The researchers found that parents were more likely to provide material support to their adult children when their children were leaving the labor market – especially if they left the labor market to pursue additional education. Conversely, when adult children transitioned from education into employment, parents were less likely to provide material support.

“Our work reveals that parents are responding to the needs of their children – but they also appear to be driven, at least in part, by social norms,” Manzoni says. “For example, adult children leaving the workforce to pursue additional education are likely to receive material support from their parents. Adult children who have been laid off are not as likely to receive material support from their parents. But both groups would benefit from the additional help.

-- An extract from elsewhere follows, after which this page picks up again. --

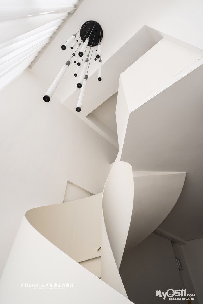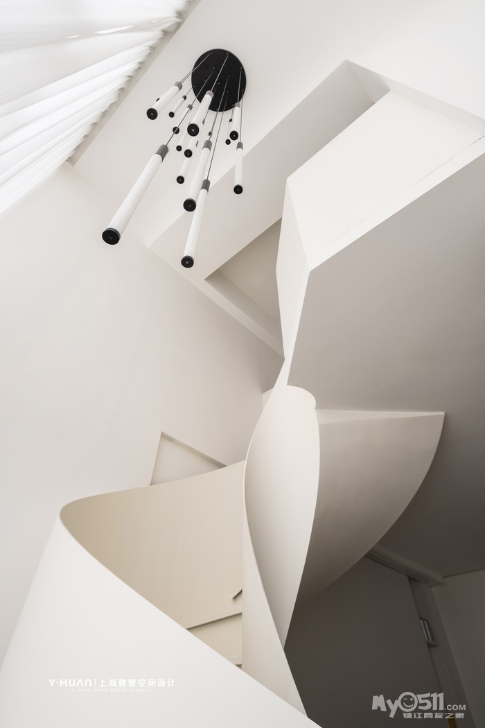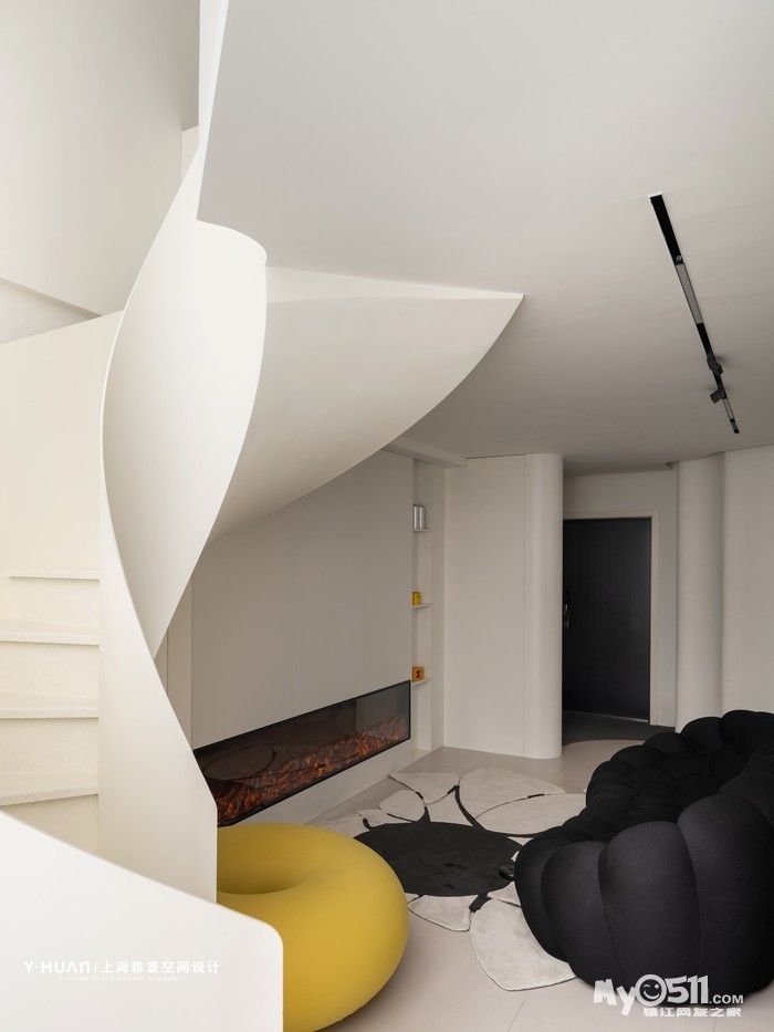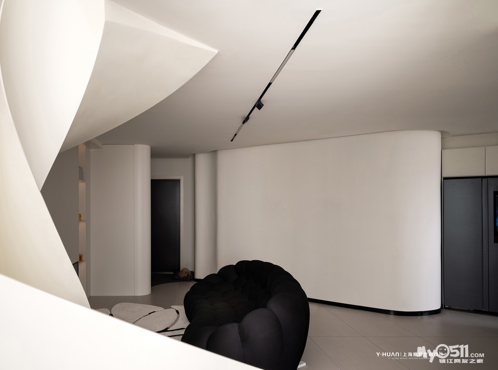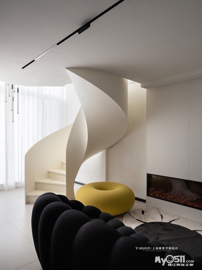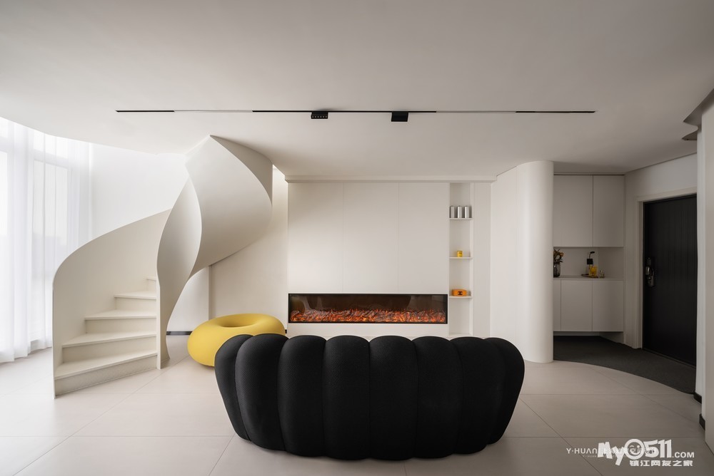 本案是 loft公寓房,设计师袁欣在平面格局上花了很大的心思,用大宅思维打破原来的格局重新规划,把原有矮小的空间改造成为大宅的效果,在原有阳台处去除部分楼板,结合钢结构旋转楼梯设计出挑空空间,让本来矮小空间立刻变为视野开阔,空间通透的大宅效果。
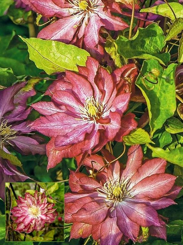 Клематис Каен - кустарниковая лиана. Группа обрезки слабая (2). Лиана вырастает до 2–2,5 м в длину. Листочки сочные ярко-зелёного цвета, удлинённые с заострённым кончиком. Цветки махровые и полумахровые, 12-15 см в диаметре. В бутонах зелёные, раскрываясь, постепенно меняют окраску до красно-розового цвета. Кончики лепестков заостренные, имеют более светлый тон. Этот сорт обладает непреходящей красотой и высокой выносливостью. Цветущие в два срока: в начале лета - на прошлогодних побегах, в конце - на побегах нынешнего года. Требует регулярного полива, подкормки; опоры для правильного роста. Клематис характеризуется высокой зимостойкостью, однако нуждается в дополнительном укрытии на зиму. Подходит для посадки у ограждений, стен, беседок, решёток, небольшим деревьям и кустарникам. Особенно хорош для выращивания в больших контейнерах на балконах и террасах.

This suggests that parents view education as ‘good,’ and thus more deserving of material assistance.”

Instrumental support – help with day-to-day activities – only increased when adult children left the workforce altogether. This effect was driven almost entirely by adult children who left employment because they had a child.

The researchers found no relationship between employment transitions and emotional support.

“Our findings drive home the extent to which parents can provide meaningful support to their adult children as those children navigate the working world,” Manzoni says. “While this is a valuable resource for many people, it also illustrates one way that existing inequalities can be reinforced. Young adults who don’t have access to that kind of family support are at a significant disadvantage that can have significant consequences for them socially and professionally.”

The paper, “Young adults’ labour market transitions and intergenerational support in Germany,” is published in the journal European Sociological Review. The paper was co-authored by Michael Gebel, chair of methods of empirical social research at the University of Bamberg.